PLAINS ALL AMERICAN PIPELINE LP - (PAA)
10-K Filing Date: February 29, 2024
Item 1C. Cybersecurity
Description of Cybersecurity Risk Management and Strategy
To assess, identify and manage material cybersecurity risks, we have endeavored to implement policies, standards and technical controls with the aim of protecting our information and operations systems (collectively, “IT systems”). These standards are guided, in part, by the relevant National Institute of Standards and Technology and American Petroleum Institute frameworks. We use various internal and third-party tools, security measures and technologies to aid in seeking to protect our network perimeter and internal systems from unauthorized access, intrusion or disruption. Regular assessments are conducted across our systems, networks and data infrastructure to identify potential cybersecurity threats and vulnerabilities. In addition, a monitoring and detection system has been implemented to help identify cybersecurity threats and incidents. Our cybersecurity program also focuses on providing training and awareness to our employees and contractors on cybersecurity best practices.
We engage assessors, consultants, auditors and other third parties in connection with the above processes. We recognize that third-party service providers may introduce cybersecurity risks. In an effort to mitigate these risks, we have established a process to assess and oversee the cybersecurity practices of our vendors. Before engaging with third-party service providers, we conduct due diligence to evaluate their cybersecurity capabilities and potential vulnerabilities. Additionally, we endeavor to include cybersecurity requirements in our contracts with these providers, including adherence to specific security practices and protocols.
The above cybersecurity risk management processes are integrated into our overall risk management program. Cybersecurity threats are understood to be dynamic and to intersect with various other enterprise risks. As such, cybersecurity is considered an integral component of our enterprise-wide risk management approach. As of the date of this Report, we are not aware of any previous cybersecurity threats that have materially affected or are reasonably likely to materially affect the Partnership.
Despite the implementation of our cybersecurity programs, our security measures cannot guarantee that a significant cyberattack will not occur. A successful attack on our IT systems or those of our vendors could have significant consequences to the business. While we devote resources to our security measures to protect our systems and information, these measures cannot provide absolute security. See “Item 1A. Risk Factors” for additional information about the risks to our business associated with a breach or compromise to our IT systems.

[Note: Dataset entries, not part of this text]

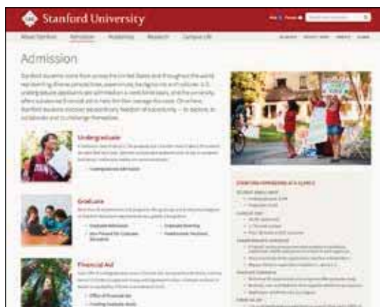
Rubrique « Admission » - Université de Stanford

> Université de Stanford . Site en anglais uniquement. L'onglet « Admission » détaille les étapes de l'inscription, avec un mode d'emploi proposé pour l'inscription en ligne et les dates limites d'inscription. Une section est consacrée à l'aide financière.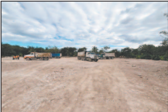
LA construcción del parque acuático de Mahahual sigue en marcha, en desacato a una suspensión federal.- (POR ESTO!)

Familiares de pacientes improvisan campamentos a las afueras del Hospital General de Chetumal ante retrasos en cirugías y atención médica; denuncian amenazas y represalias si protestan / Personal de Perfect Day continúa obras pese a clausura de la Profepa / Atletas en sillas de ruedas cumplen 12 años sin apoyo / Muerte de obrero exhibe omisiones empresariales 👉 Ciudad 9, 10 y 11 / Municipios 20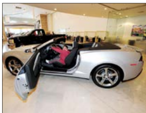
أحد الطلبة خلال الاطلاع على إحدى السيارات

حيث تم الترحيب بهم وشرح برنامج الزيارة لينطلقوا بعدها في أركان ومراقف المعرض للتعرف على كل الأنشطة والفعاليات التي تتم في هذا المعرض ابتداء من لحظة دخول الزبائن وطريقة استقبالهم وتعريفهم بالسيارات وتقديم الاستشارة لهم ليكون اختيار الزبائن مبنيا على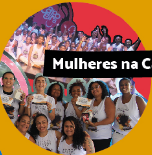
Mulheres na Capoeira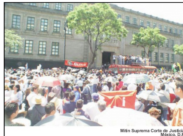
Miñ Supreme Corte de Justicia México, D.F.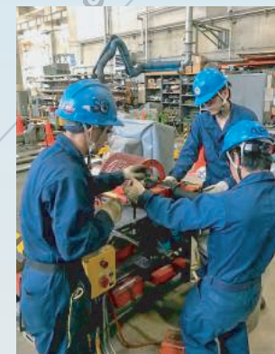
Making of flexible hose フレキシブルホースの作製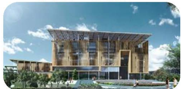
聯合研究中心正門模擬圖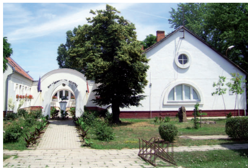
RÉSZLETEKBE FIZETHETIK KI AZ ADÓSSÁGOT

JÁTSZÓTEREK • Ismét birtokba vehettek egy helyszínt

Cybersecurity Program Governance
Our cybersecurity program is led by our Vice President of Information Security, North America, who reports directly to our CFO and oversees the dedicated team responsible for executing our cybersecurity strategy, including the primary assessment and management of cybersecurity risks. Our cybersecurity leadership team also includes our Senior Director, Technology, Infrastructure & Cyber Defense and our Senior Director, Security & Strategy. The Board receives quarterly updates on material security incidents, detection, monitoring, security culture scores, and other key initiatives and notable events from our cybersecurity leadership team.

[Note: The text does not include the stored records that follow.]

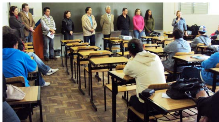
Dirigentes prestigiam aula inaugural do curso de espanhol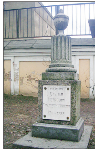
Захоронение С.П. Крашенинникова на Лазаревском кладбище Александро-Невской лавры

никова был случайно обнаружен и перезахоронен на Лазаревском кладбище Александро-Невской лавры. «Описание Земли Камчатки» вышло в свет уже после смерти автора. Этот замечательный труд был переведен на немецкий, английский, французский и голландский языки. Долгое время он был единственным источником знаний о Камчатке в европейской литературе.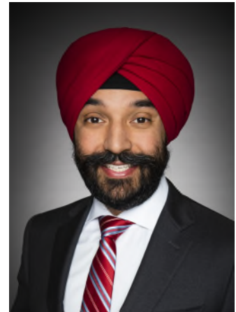
L'honorable Navdeep Bains Ministre de l'Innovation, des Sciences et de l'Industrie

Grâce à toutes ces initiatives et à d'autres encore, nous continuons de réaliser notre engagement d'encourager une économie dynamique et en croissance qui crée des emplois, de nouvelles possibilités et une meilleure qualité de vie pour toutes les Canadiennes et tous les Canadiens.

To facilitate effective management, our cybersecurity leadership team holds regular discussions with our dedicated cybersecurity team on cybersecurity risks, threat intelligence, incident trends, security audits, and the effectiveness of our training and testing. Our cybersecurity leadership team convenes regularly to review and monitor programs designed to prevent and detect cybersecurity threats and mitigate and remediate cybersecurity incidents. Our cybersecurity leadership team also receives comprehensive reports on security incidents, threat intelligence, and vulnerability assessments from our cybersecurity team.
65
Our cybersecurity leadership team is made up of highly experienced professionals with an extensive background in information security, risk management, and incident response. This background includes more than 50 years of collective experience in infrastructure, cybersecurity and telecommunications. In addition to having the requisite training, knowledge, skills and abilities required for their respective positions, the cybersecurity leadership team collectively holds various relevant U.S. and Canadian information security certifications. The cybersecurity leadership team is supported by a dedicated team of skilled cybersecurity professionals, each bringing diverse expertise in areas such as network security, data protection, and threat intelligence.